Typically, such companies have wide economic moats and produce goods or services that rarely, if ever, experience any significant change in demand. One industry that meets all of these criteria and more is the electric utilities industry.
You see, not only does demand for electricity remain constant because it’s an important component that powers our modern lives, but the electric utility industry has a wide multifaceted economic moat. This protects the competitive advantage of industry participants and, in tandem with the inelastic demand for electricity, almost guarantees earnings growth.
In turn, this allows those companies operating in the industry to reward loyal investors with regular dividend hikes. Two industry participants that stand out because of their dividend-payment histories are Canadian Utilities Ltd. (TSX:CU) and Fortis Inc. (TSX:FTS).
Both companies have hiked their dividend virtually every year since inception, giving investors 43 straight years of dividend growth. This is an impressive record that virtually no other Canadian company can match. While both have modest yields of 3% and 4%, respectively, their dividends have grown at an remarkable rate. Canadian Utilities dividend has a compound annual growth rate of 7% since inception, while Fortis’ is 6%.
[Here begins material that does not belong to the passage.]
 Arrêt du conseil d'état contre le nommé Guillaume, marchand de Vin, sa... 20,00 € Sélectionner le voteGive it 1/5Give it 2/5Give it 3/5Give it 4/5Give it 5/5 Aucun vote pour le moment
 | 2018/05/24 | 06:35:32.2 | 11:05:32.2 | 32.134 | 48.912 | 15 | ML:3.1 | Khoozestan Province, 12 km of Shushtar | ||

These rates of growth are far higher than the returns that other purportedly safer income-focused investments, such as government bonds or cash, have generated over the same period.
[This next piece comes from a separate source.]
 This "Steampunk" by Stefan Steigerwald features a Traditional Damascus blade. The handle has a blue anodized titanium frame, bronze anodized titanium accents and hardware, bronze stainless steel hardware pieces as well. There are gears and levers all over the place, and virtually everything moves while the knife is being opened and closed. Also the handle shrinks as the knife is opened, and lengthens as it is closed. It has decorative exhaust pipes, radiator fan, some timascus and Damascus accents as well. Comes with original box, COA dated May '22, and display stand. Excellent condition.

So, what is the secret that allows Canadian Utilities and Fortis to consistently grow their dividends?
The key attribute that allows this is the wide multifaceted economic moat that they both possess. This moat is created by a combination of steep regulatory barriers to entering the industry, coupled with the significant capital investment required to acquire and develop the necessary assets. These characteristics protect their competitive advantage, and along with the growing demand for electricity, will help to propel their earnings higher.
This can be seen from Fortis’ first quarter 2015 results, where net earnings shot up an impressive 61% year over year. Canadian Utilities performance was not as impressive for that period. Its net earnings plunged by 19%, primarily because of planned maintenance outages and cost blowouts. This highlights that like any investment, even electric utilities, despite their defensive nature, are not risk free.
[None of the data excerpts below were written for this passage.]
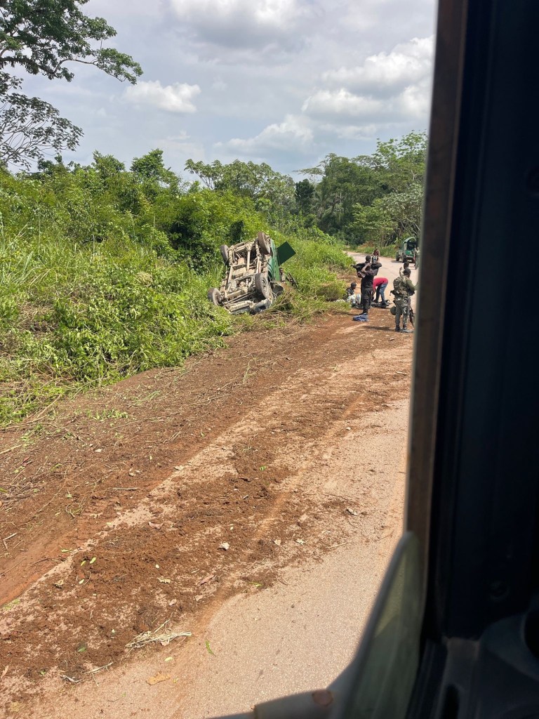 Per la troppa velocità, l’auto del convoglio, prende una delle molteplici buche del terreno e esce di strada, cappottandosi.
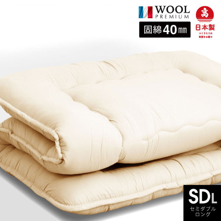 フランス産 羊毛100% 敷布団 セミダブルロング 日本製 羊毛100% 敷き布団(固綿入り) セミダブルロング 国産 羊毛100% 匂いが少ないフランス産プレミアムウール(代引不可)
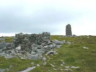 The summit is marked by a nearby sheep shelter and an unusual and conspicuous cairn - taller and more rectangular than most others locally. (This may, perhaps, be the origin of the curious name "chapel"?)
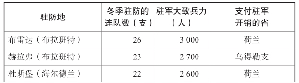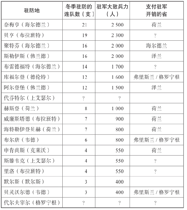 大多数卫戍军队靠着某省分摊的赋税维系,驻军城镇与给予他们财政支持的省份不可避免地发展出密切联系。于是,斯勒伊斯由泽兰负责卫戍,布雷达由荷兰负责卫戍,赫拉弗则被分给乌得勒支。莱茵河下游的驻军也主要受荷兰省财政支持。然而,东北部边境的情况稍有不同。弗里斯兰在这里具有潜在优势,而格罗宁根和上艾瑟尔对此极为反对,这让荷兰省得以采用混合的驻军,尤其是在布尔唐和贝灵沃尔德,这两地的驻军由弗里斯兰和格罗宁根共同负责。 67 对于那些坐落在7个投票省份领地上的要塞,如海尔德兰的阿纳姆、聚特芬和奈梅亨,荷兰省的赫斯登和海特勒伊登贝赫,任命这些要塞的指挥官是各个省份天然的权力。 68
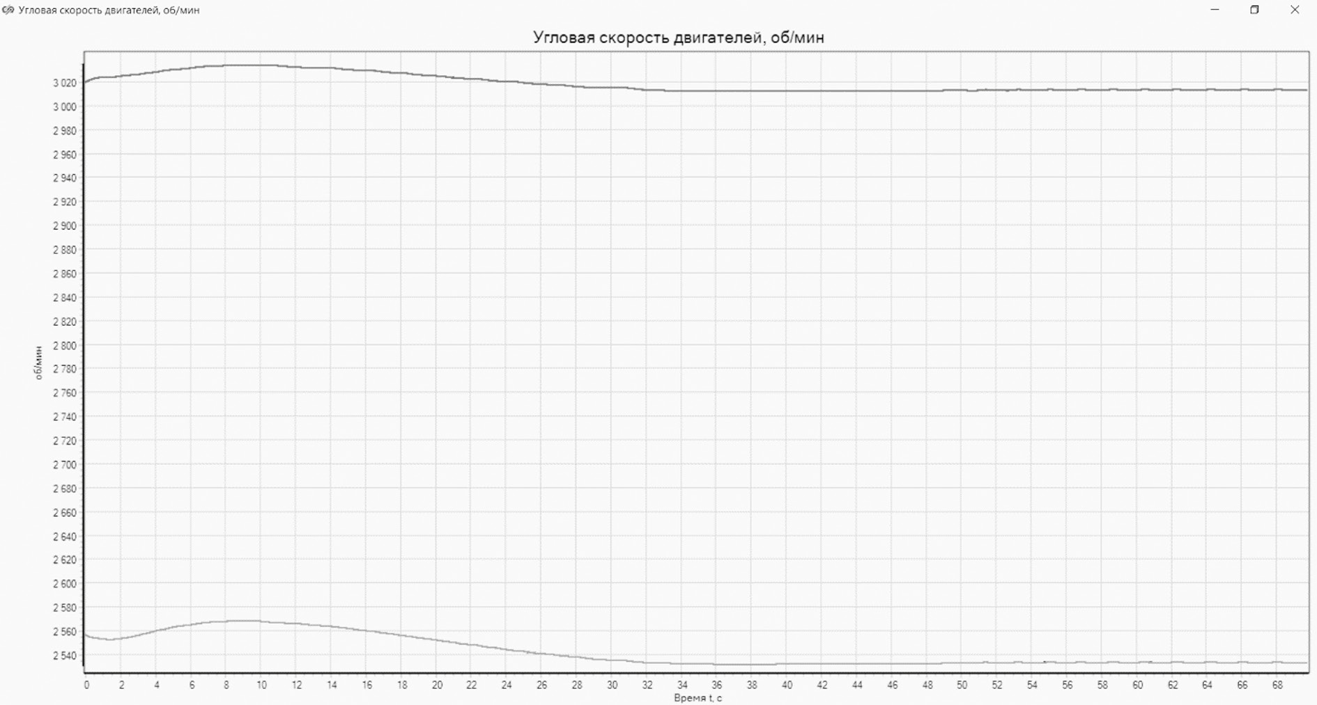 Рис. 2. Зависимость угловой скорости двигателей от пройденного времени

A growing population and an even greater dependence on modern electronics for business and entertainment can only drive higher demand for electricity. When this is coupled with Canadian Utilities and Fortis’ high quality regulated electric assets and wide economic moats, earnings growth is virtually guaranteed. This will allow both companies to continue rewarding investors with regular dividend hikes, which makes them a core holding in any dividend-growth portfolio.